Geographically weighted regression in Stata

Speaker:  Mark S. Pearce, University of Newcastle upon Tyne

Geographically weighted regression is a method for exploring spatial nonstationarity. Spatial nonstationarity being a condition in which a simple "global" regression model cannot adequately explain the relationships between some sets of variables over a geographical area. Instead, the nature of the model should alter over space to reflect the structure within the data. For example does the risk of disease in relation to a risk factor remain constant across a geographical area, or is the relationship stronger at certain points within the area.

Brunsdon et al. (1996) developed geographically weighted regression, which attempts to capture this spatial variation by calibrating a multiple regression model which allows different relationships between variables to exist at different points in space.

The basic idea of geographically weighted regression is that a regression model is fitted at each point in the data, weighting all observations by a function of distance from that point. This corresponds to the idea that observations sampled near to the observation where the regression is centred have more influence on the resulting regression parameters at that point than observations further away. This then produces a set of parameter estimates at each point in the defined geographical area. These parameter estimates can then be mapped using GIS software to identify where the relationships between variables vary, providing a useful form of exploratory analysis. Using Monte Carlo methods 2 hypothesis tests can be carried out:

  1. that the data may be described by a global model rather than a nonstationary one.
  2. whether individual regression coefficients are stable over geographic space.

I will present how this method can be carried out in Stata using the ado files gwr and gwrgrid which both apply geographically weighted regression to a dataset containing geographical reference points. The only difference between the two ado files being that gwrgrid places a grid over the geographical area and carries out regressions centred at each grid centroid, whereas gwr carries out regressions centred at each point in the data.

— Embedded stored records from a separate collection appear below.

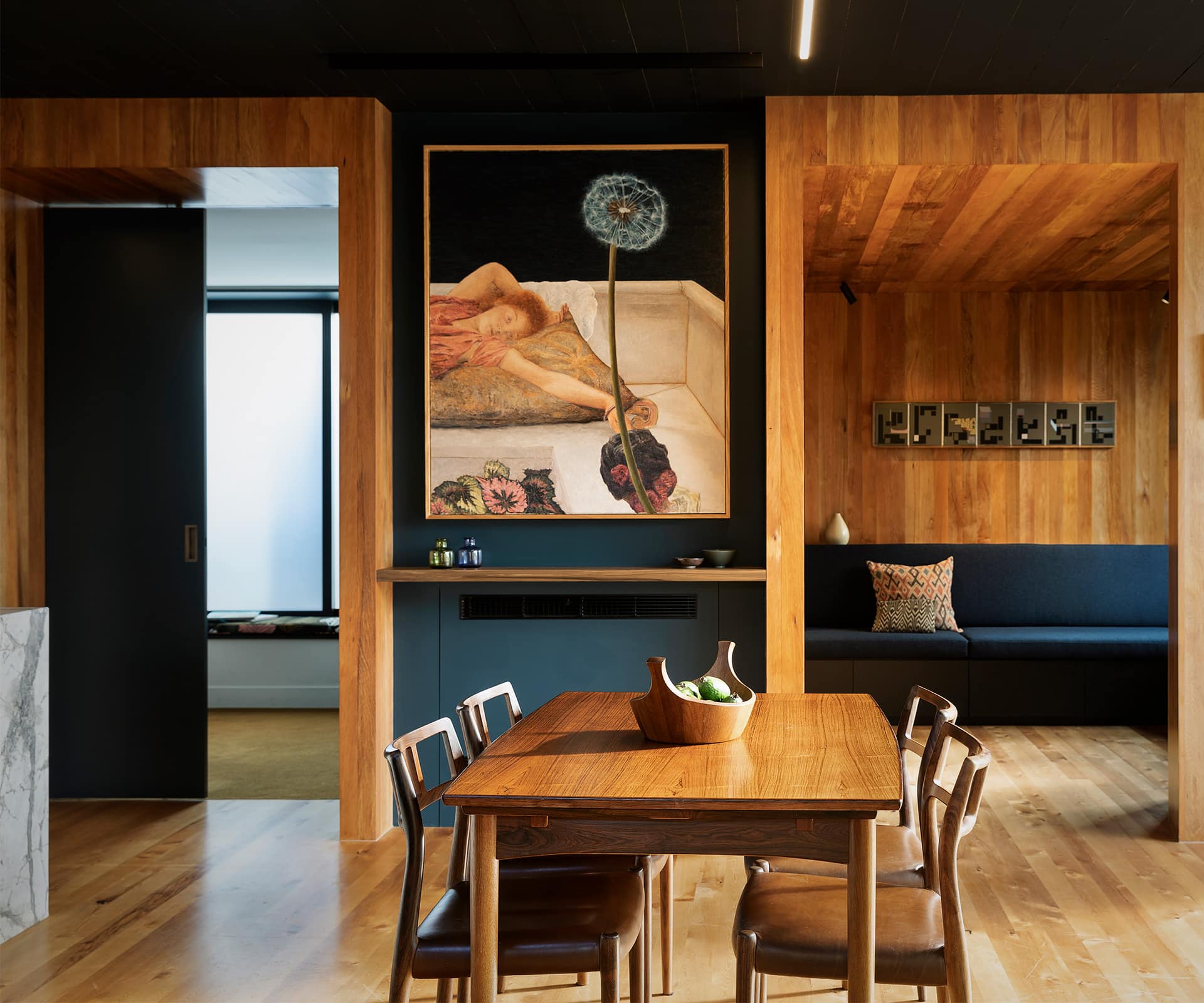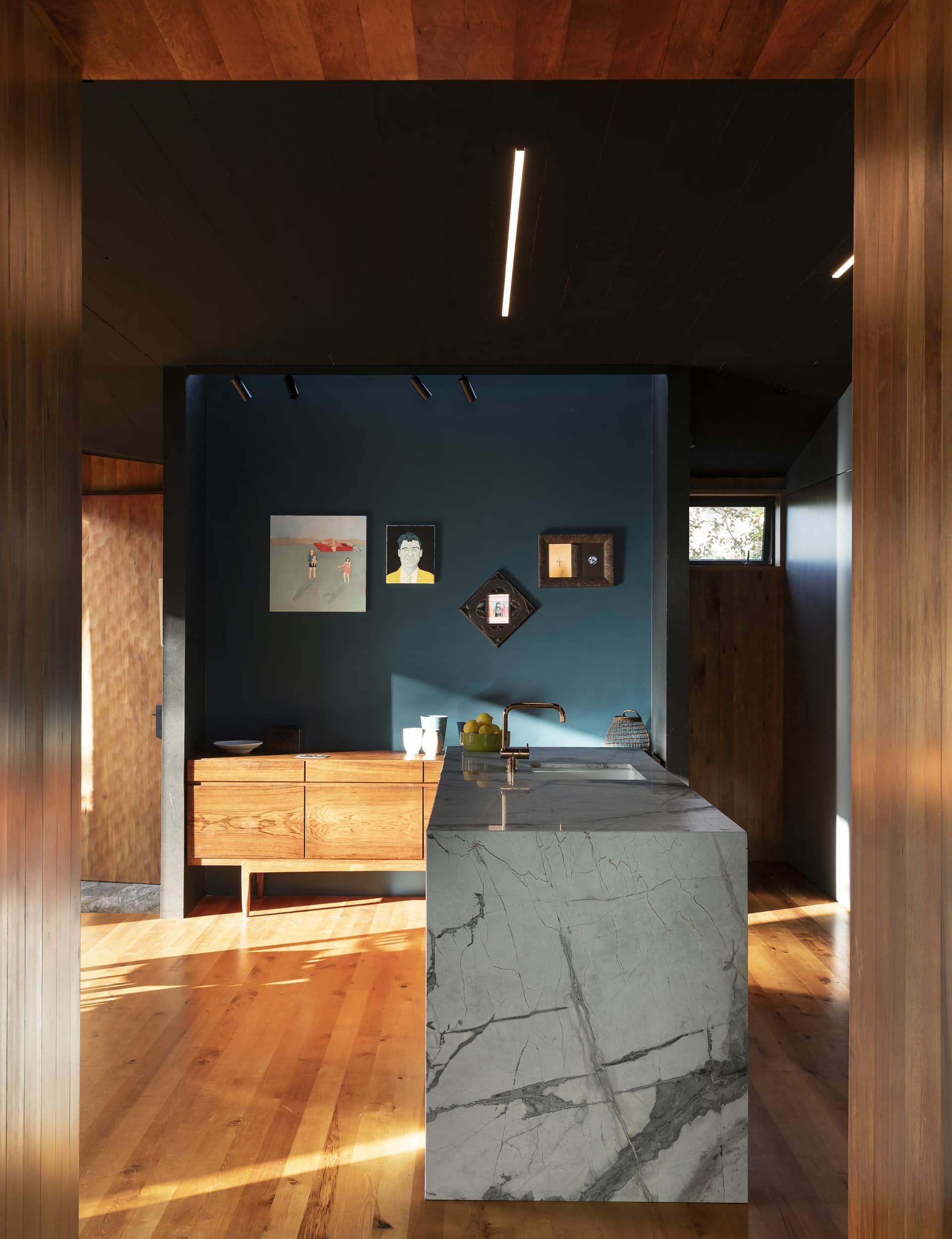For a moment, coming in from a bright Auckland afternoon through the timber-lined entry of architect Lisa Webb’s home, your eyes take time to adjust. Slowly, the house reveals itself as you round the corner – a black ceiling, rimu lining and dark blue walls come into relief. The effect is almost painterly, with the hues of an old Dutch master. Colours are warm and saturated. Shafts of light enter through deliberately placed windows and skylights, to exist as almost solid objects inside the space.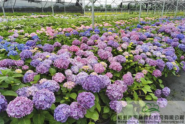據悉,在畫境種業徑山基地,共有七八十個繡球品種,規格從1加侖到5加侖,能夠滿足家庭園藝和工程用苗的多種需求。通過近幾年的生產和繁育,徑山基地不斷篩選優良的繡球品種,目前,基地里的這些品種表現都比較好,比如紅色系的搖擺樂、漢堡、花神,花色紅艷,花朵碩大,在一眾繡球中表現非常搶眼;花色豐富多變、宛如一顆顆璀璨寶石的藍寶石和藍色媽媽;花朵宛如蝴蝶翩躚、花色充滿夢幻感的佳澄;花朵密集、猶如一大捧五顏六色爆米花的愛莎;開花早、花期長、花色漸變的藍色海洋;花開時,宛如一只只白色小鳥在枝頭紛飛的泉鳥;花團錦簇、花期超長的無盡夏……可以說,每一種繡球的花色、花形都各不相同,極具特色,充滿了夏日的浪漫情懷。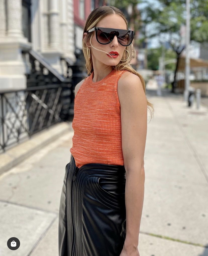 Olivia Palermo, who’s the maven socialite of Manhattan, was down in Lower Manhattan’s Bowery Street today doing a photo shoot for her Olivia Palermo Beauty Matte Lipstick in Poppy, also wearing and tank orange red blouse with the Maria Lucia Hohan Pre-Fall 2021 Vegan Leather Skirt.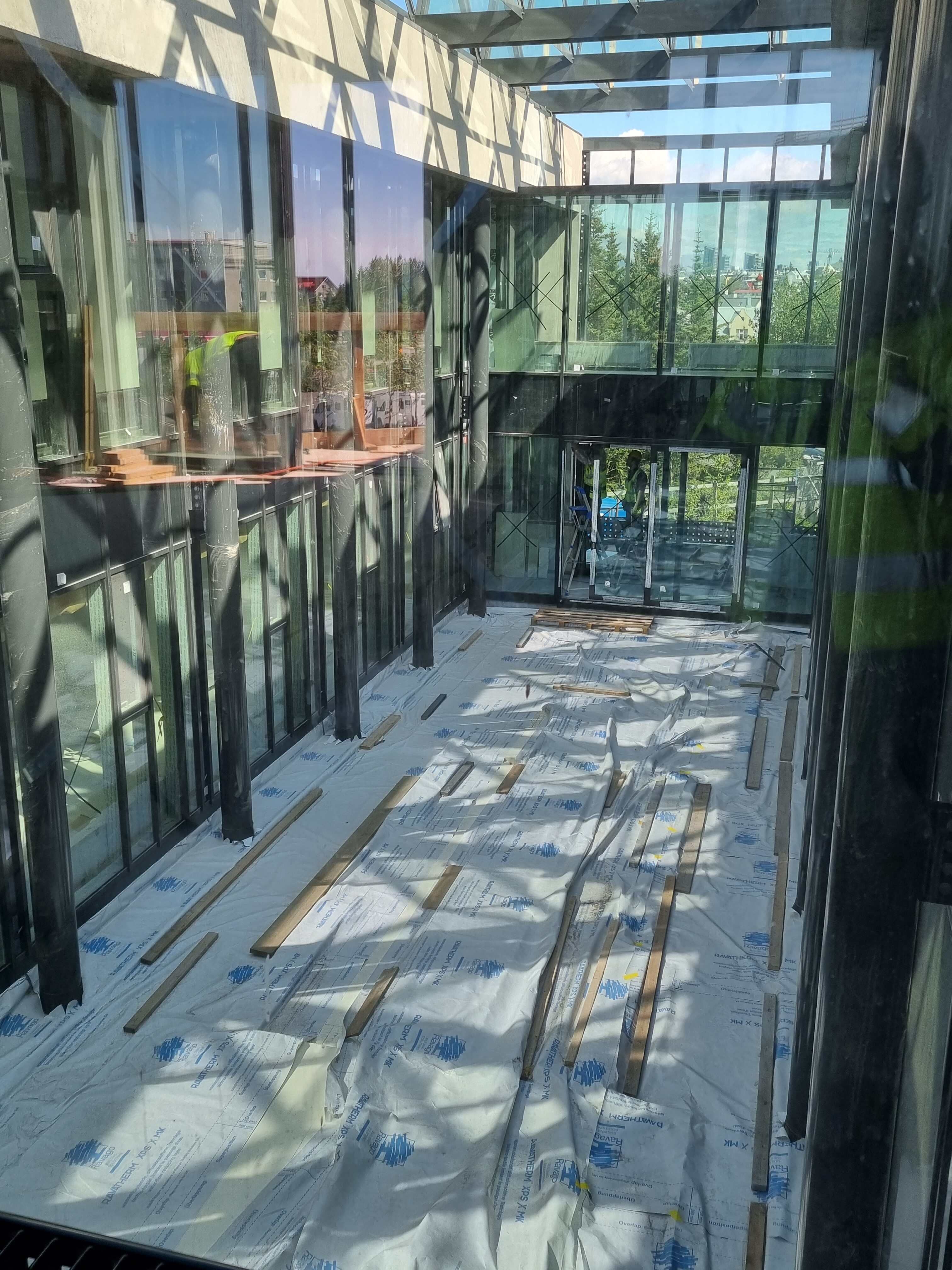 Verið er að innrétta á flestöllum hæðum, málningarvinnan er einnig í gangi, gólfvinna er að klárast á annarri og þriðju hæð. Uppsetning á innréttingum, glerskilrúmum, timburklæðningu og hurðum er á góðri leið. Einnig er verið að vinna í lögnum og rafmagni á öllum hæðum.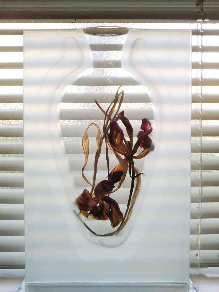 知人の生け花グループ展を見てきました。チューリップのドライ。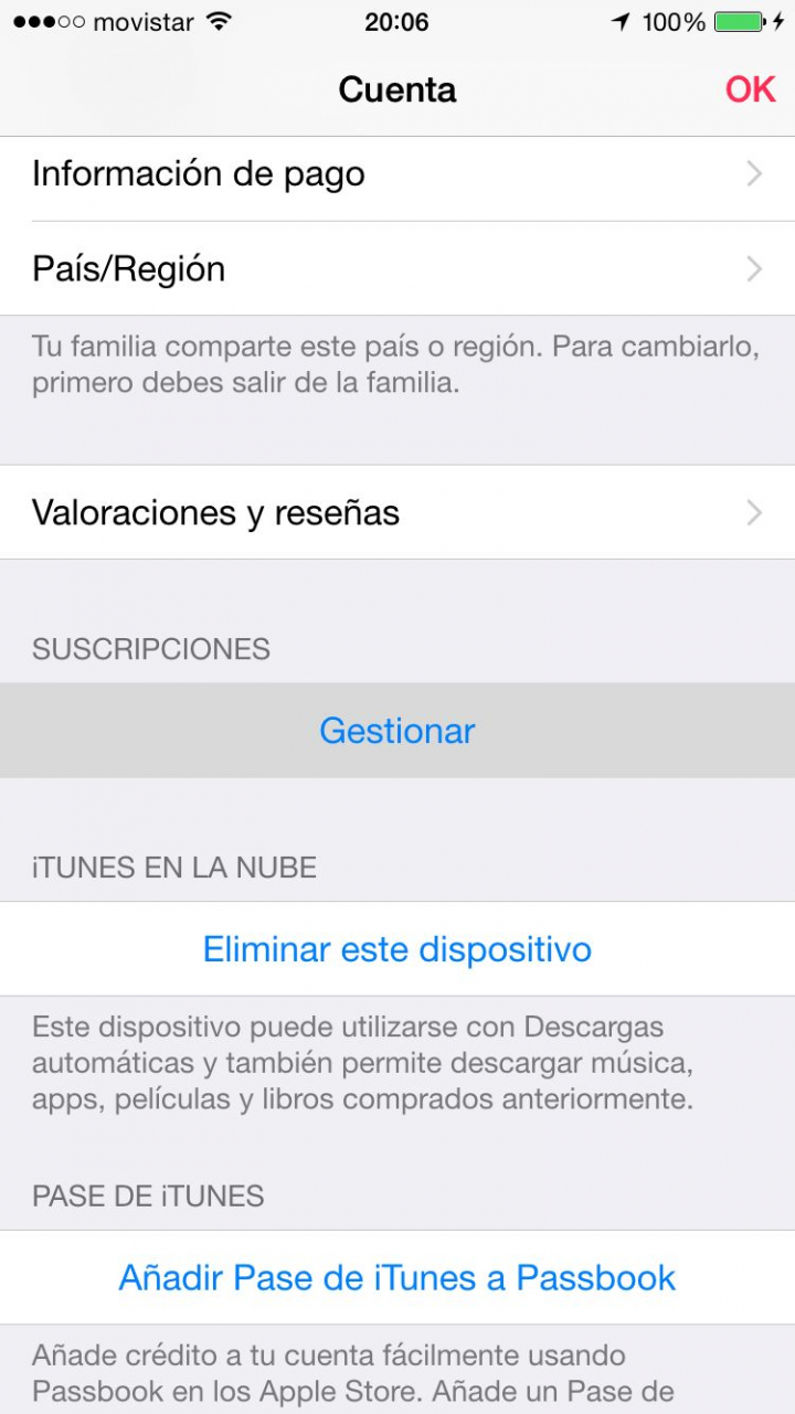 A continuación, hay que seleccionar Suscripciones. Seleccionamos la de Apple Music.

The code in these ado files is based on the paper by Brunsdon et al., and a FORTRAN program written by Brunsdon et al., and has been extended to any form of generalized linear model by relying heavily on the existing glm function in Stata.

The technique and programs, and the options included with them, will be demonstrated on the example given by Brunsdon et al. — a ward-level dataset from the 1991 UK census relating car ownership rates to social class and male unemployment in the county of Tyne & Wear in north-east England.

Reference

Brunsdon, C., A. S. Fotheringham, and M. E. Charlton. 1996.
Geographically weighted regression: A method for exploring spatial nonstationarity. Geographical Analysis 28: 281–298.